以下,図面を用いて本発明を実施するための形態について説明する。本発明は,以下に説明する形態に限定されるものではなく,以下の形態から当業者が自明な範囲で適宜変更したものも含む。
なお,本願明細書において「A~B」とはA以上B以下であることを意味する。また,各図にはXYZの3次元空間を示す直交座標系を示しており,X軸はシート状物の流れ方向(長手方向),Y軸はシート状物の幅方向,Z軸はシート状物の厚み方向をそれぞれ示している。

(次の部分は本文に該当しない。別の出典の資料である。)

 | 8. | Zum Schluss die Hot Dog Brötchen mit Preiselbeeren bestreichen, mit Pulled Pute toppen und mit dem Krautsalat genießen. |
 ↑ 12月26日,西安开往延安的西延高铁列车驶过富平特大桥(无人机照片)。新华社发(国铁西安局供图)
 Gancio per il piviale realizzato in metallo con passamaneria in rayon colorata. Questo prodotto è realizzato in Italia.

図1は,本発明に係るシート状物の製造工程の一部を示している。本発明で製造可能なシート状物は特に限定されないが,光透過方式による欠陥検査を行うことができるように光透過性を有する薄葉紙を製造の対象とすることが好ましい。なお,欠陥検査は,光透過方式に限られず,後述するように光反射方式や,あるいはそれらを併用して行うこともできる。薄葉紙の例は,ティッシュペーパー,トイレットペーパー,キッチンペーパーなどの家庭用の衛生薄葉紙である。図1に示した例では,2層のシートを重ね合わせて積層シートを形成した後に,この積層シートにエンボスとミシン目が形成される。また,エンボス加工後とミシン目加工の後にそれぞれ積層シートの欠陥検査を行うこととしている。

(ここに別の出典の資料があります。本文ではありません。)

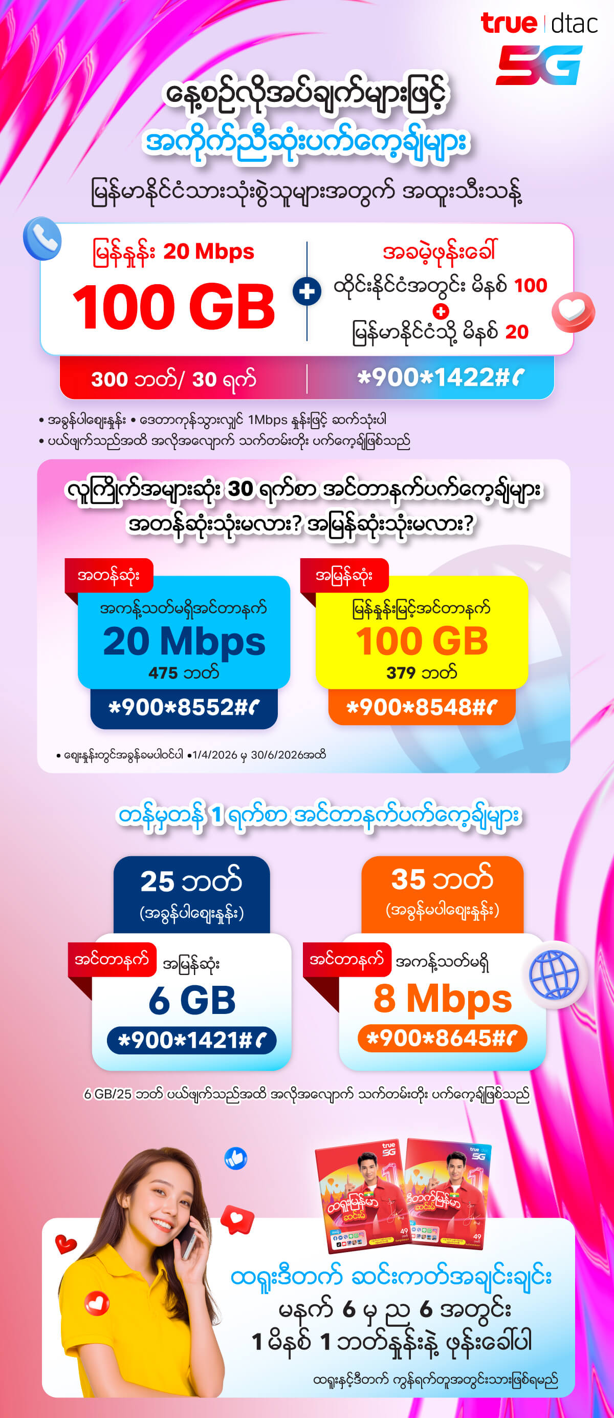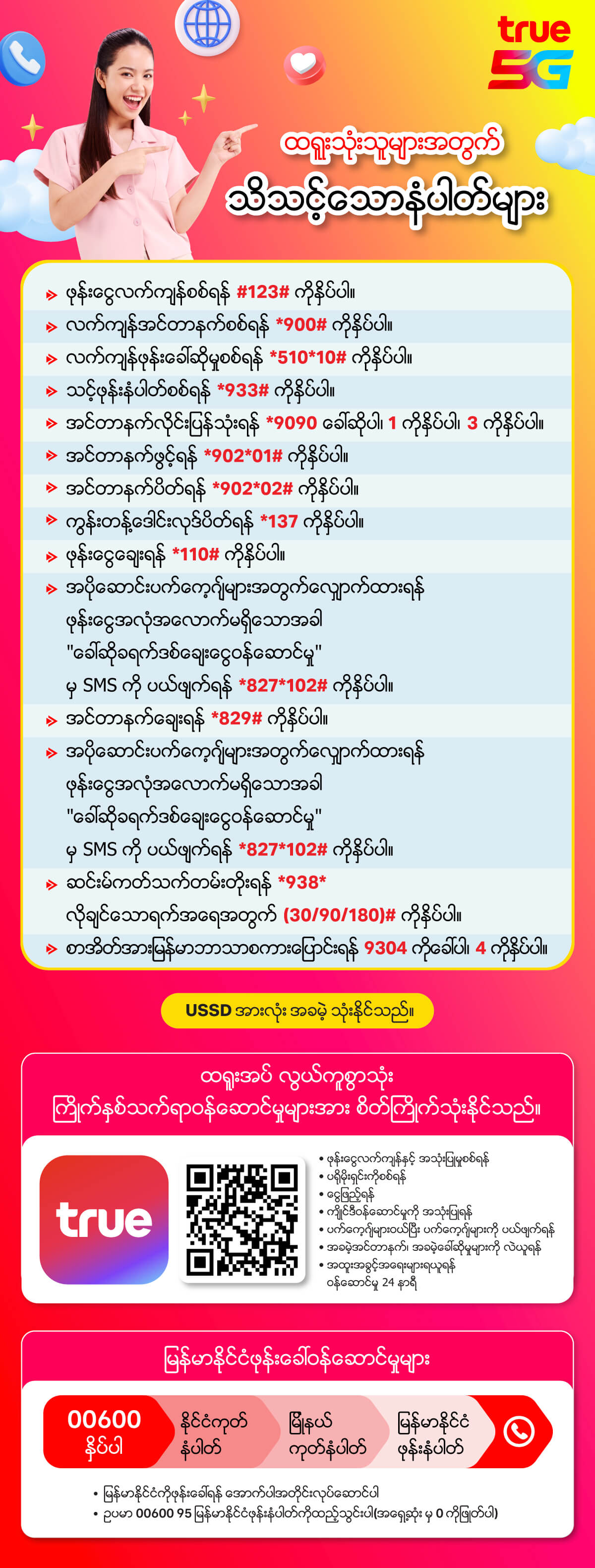 True 5G USSD ကုဒ်များ: ငွေစစ်၊ ဒေတာလျှောက် (မြန်မာ)
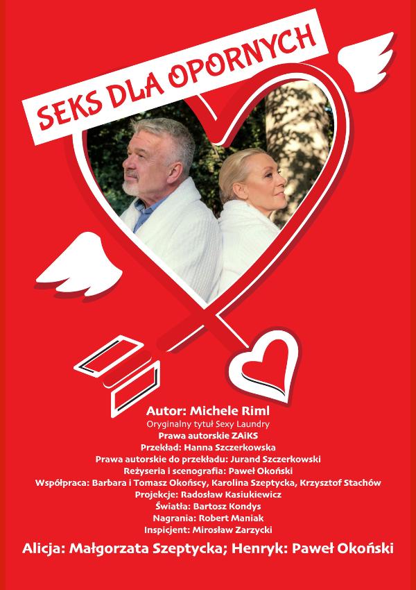 „Seks dla opornych” to przedstawienie opowiadające o parze dojrzałych ludzi, którzy na pewnym etapie swojego wspólnego życia poczuli nieodpartą potrzebę jego odmiany. Ucieczki od powszedniości i sankcjonowanej przez utarte schematy rutyny codziennego, zwykłego życia małżeństwa w średnim wieku. Wyjeżdżają do eleganckiego hotelu, odrywają się od obowiązków, pracy, rodziny z nadzieją, że w ciągu kilku dni wydarzy się coś, co wprowadzi w ich związek ożywcze tchnienie, odświeży ich relacje i lekko spatynowane przez czas uczucie. „Seks dla opornych” to komedia, w której sytuacje wyjęte z klasycznej farsy towarzyszą scenom romantycznym i wzruszającym. Dokładnie tak jak w naszym życiu, które przecież czasem bywa niezwykłe i cudowne po to by za chwilę stać się nudne, przewidywalne, ale też i śmieszne w sposób niezamierzony i zaskakujący.
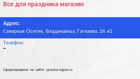 Все для праздника, магазин по адресу Северная Осетия, Владикавказ, Гугкаева, 26 к1 в дальнейшем Организация, размещена в следующих категориях:
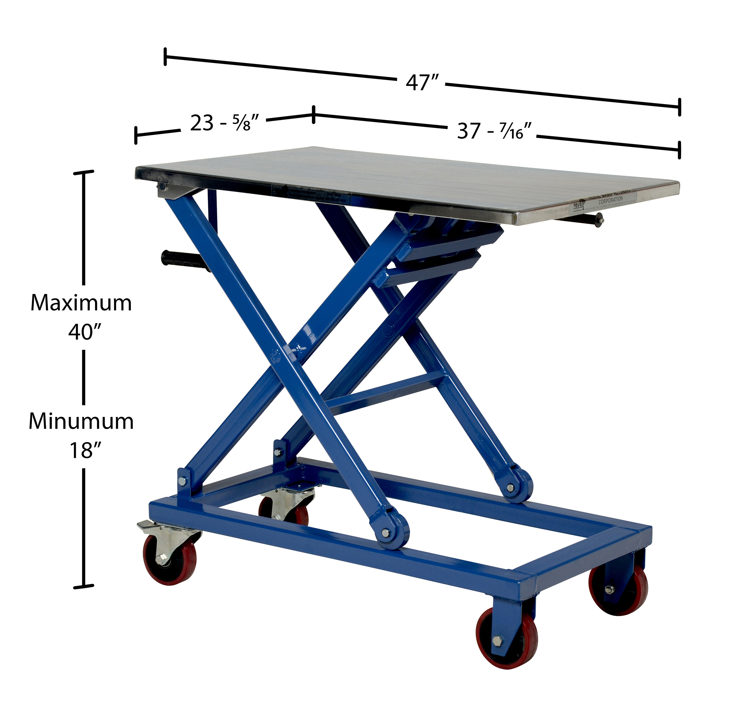 Steel Mechanical Scissor Cart 37 In. x 23-1/2 In. 660 Lb. Capacity Blue/Silver

具体的に説明すると,図1右側の装置上流から左側の装置下流に向かって長尺のシート部材が搬送される。装置上流には,第1の原反ロール11と第2の原反ロール12が位置している。第1の原反ロール11には長尺の第1のシートS1が巻回されており,第2の原反ロール12には長尺の第2のシートS2が巻回されている。第1の原反ロール11及び第2の原反ロール12からそれぞれ第1のシートS1及び第2のシートS2が繰り出されると,各シートS1,S2は駆動回転する搬送ローラや従動回転するガイドローラを介して装置下流側へと搬送され,第1の重ね合せ部20(重ね合せローラ21)において,互いに重ね合わされる。ここで,第1のシートS1及び第2のシートS2が重ね合わされた複数層のシートを積層シートと称する。積層シートは,装置下流側へと搬送される。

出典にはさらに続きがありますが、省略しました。